その後、Toshiさんはいろいろな人の助けもあって、MASAYAと決別することに成功します。
X JAPAN再結成からToshiさんがMASAYAから生還するまでのドタバタはウシジマくんにでてきそうな話で、読んでいて興奮します。
次の動画はMASAYAと決別して、この本を出版した時のToshiさんです。
Toshiさんという人間について
X JAPANのヴォーカルとしてのToshiさんは音楽番組などを通してたくさん見てきました。

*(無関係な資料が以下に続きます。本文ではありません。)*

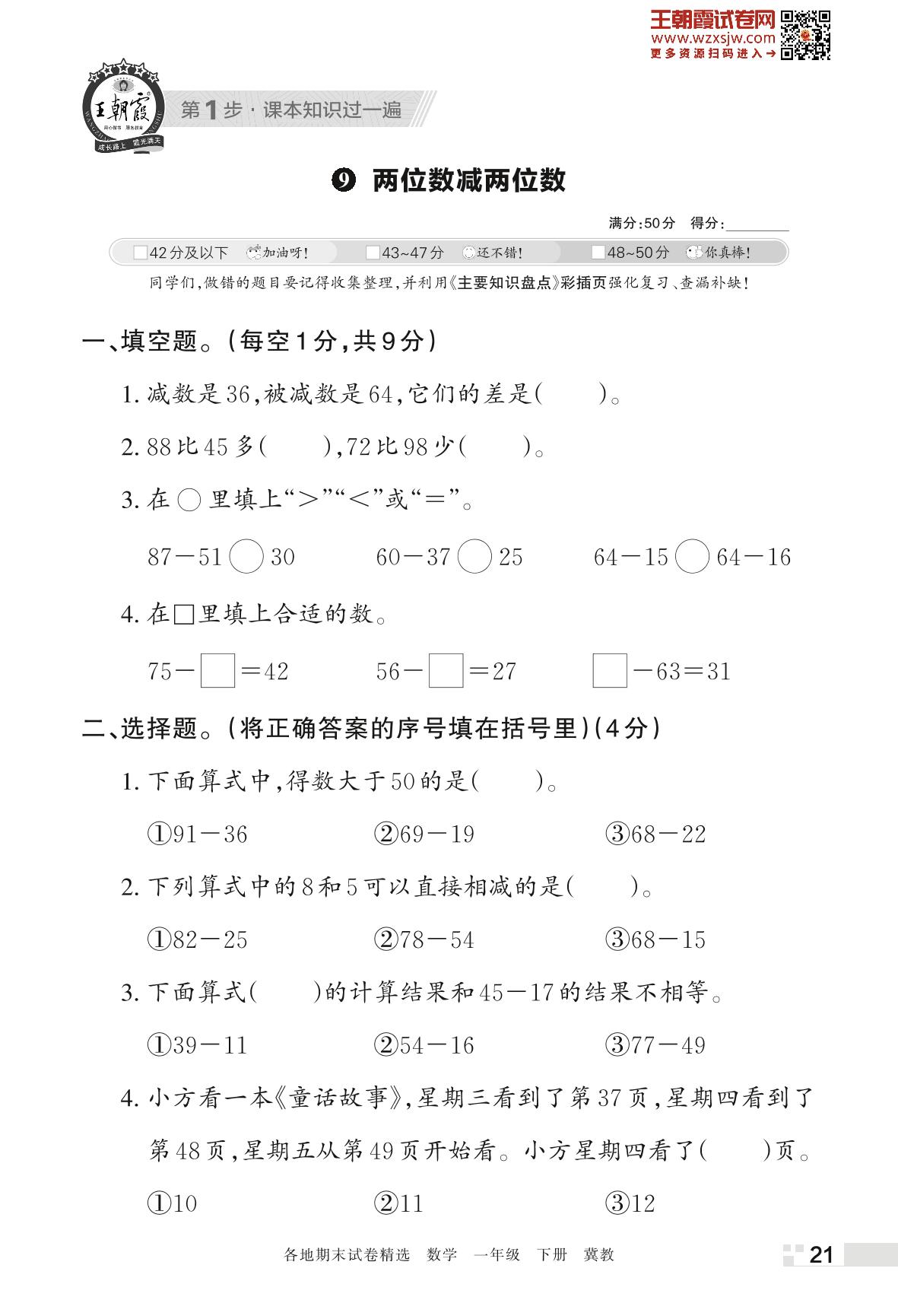 王朝霞期末过课本——9 两位数减两位数一年级下册数学(冀教版)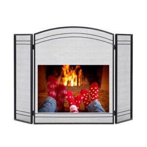 ストーブガード 幅36インチ、高さ24インチの暖炉スクリーン、 屋内用3パネル折りたたみ式防火炉ガードカバー、 頑丈な薪ストーブ耐性メッシュ ヒンジ ゲート
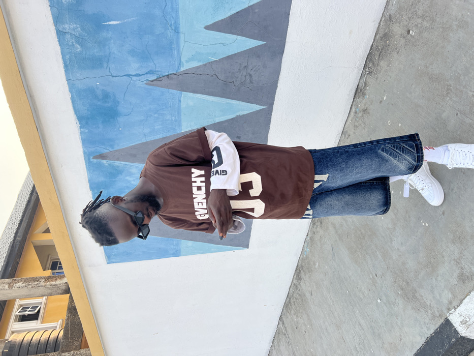 A dark-skinned male subject, approximately late teens to early thirties, stands on a concrete sidewalk in Mopo Onijebu, Nigeria, looking down at a black smartphone held in both hands. He has dreadlocks, wears black rectangular sunglasses, and a small hoop earring in his left ear. His attire includes a brown short-sleeved t-shirt with "GIVENCHY" and "03" in light lettering, layered over a white long-sleeved shirt displaying "GIVENCHY" on the right sleeve. He wears wide-leg, distressed blue denim shorts with a diagonal stitch pattern on the outer lower legs, white socks with red markings, and white low-top sneakers. A clear/white wired earbud or neckband is visible around his neck. Behind the subject is a white wall featuring a mural with abstract blue and grey triangular shapes. Above the wall, a portion of a yellow building with a white-framed window and a black vertical water storage tank is visible. A concrete curb with white and black stripes is present in the lower left.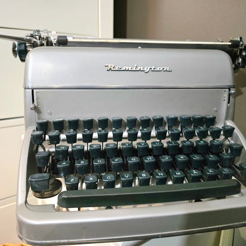 Kirjoituskone 50 luvulta. Koko: leveys 36 cm, syvyys 33 cm ja korkeus 13 cm.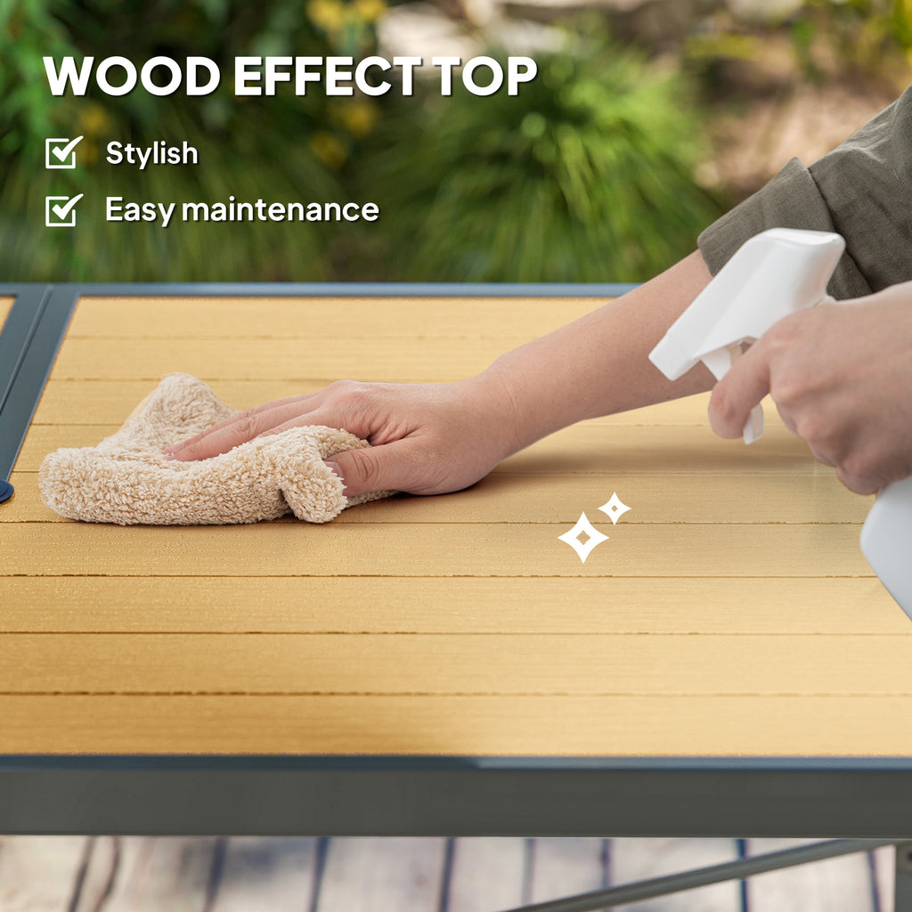 Discover the charm of al fresco dining with the Outsunny garden dining table, designed to seat six comfortably. Featuring a wood-effect galvanised steel top and a robust steel frame with a powder-coated finish, this outdoor table ensures style and stability. It's also equipped with an umbrella hole, suitable for sunny or rainy days in your garden or patio.

けれでも、それはアーティストとしてのToshiさんであって、一人の人間としてのToshiさんはあまり知られていません。
この本を読めば、Toshiさんの人柄・性格がよくわかると思います。
正直な話、この本を読んで次のような印象を持ってしまいました。
- X JAPANを辞めなければ良かったのに・・・
- X JAPANの他のメンバーから見れば、Toshiさん側の問題に巻き込まれたように見えるのではないか?
- でも、本当は純粋でとても良い人なんだろうな~
Toshiさんが人間不信になってしまったのは、Toshiさんの周りの人間が起こした様々な不祥事が原因です。
もちろん、Toshiさん本人には非はないと思いますが、X JAPANの他のメンバーからすれば、Toshiさん側の問題に巻き込まれてしまったという印象を持つのではないでしょうか?
Toshiさんは悪くないんですが、洗脳されてX JAPANを脱退して、結果解散することになってしまったわけです。
心が弱っていたとはいえ、セミナーに参加して洗脳されてしまうというのは、基本的に人を疑ったりしない純粋で良い人なのかなと思います。
YOSHIKIさんは経営者でプロデューサーだから、良くも悪くもクールな感じがするけど、Toshiさんは周りの人を信じすぎてしまったんですね。
これも、Toshiさんが良い人過ぎたためかなと思います。
セミナーの闇はどこにでもある
Toshiさんの場合、一般的な社会経験が少ない状態で大金を手に入れたのはいいけど、周りの人間を上手く処理できないで、いろいろ大変な思いをするという失敗をしています。
これって学生や新卒の社会人がセミナーや情報商材に大金を注ぎ込んでしまうのと似ている気がしますね。将来の不安や悩みにつけこんで、セミナーを受けさせてお金と時間を奪っていくというよく聞く話です。
Toshiさんの場合は、持っているお金が大きすぎたから、奪われる金額も大きかった。よくあるセミナー商法とかサロン商法のスケールをものすごく大きくした話なのではないかと考えてしまいます。
現在のToshiさんの活躍
最近のToshiさんはバラエティ番組にも積極的に出演されていて、とても活躍されています。テレビの中でもトークは面白いし、やっぱり良い人なんだなと思います。
さらに、YouTuberにもチャレンジしたりと、本当に楽しそうです。
なんかこんなキャラクターな人だとは今まで知らなかったゾ。やっぱり思ってたとおり面白くて良い人なんだな。
「洗脳 地獄の12年からの生還」のまとめ
というわけで、以上をまとめていきます。
- X JAPANで成功したけど、身内やお金のトラブルで悩んでいた
- そんな時に守谷香と出会ってセミナーにハマってしまった
- X JAPANを抜けた後は本格的にMASAYAに洗脳された
- X JAPANの再結成がキッカケで洗脳から解け始めた
- いろいろな人の助けもあってMASAYAと完全に決別できた。
本には守谷とMASAYA以外にもたくさんの人物が登場して、当時の状況がリアルに書かれています。
詳しい話を知りたい人は本を読んでみてください。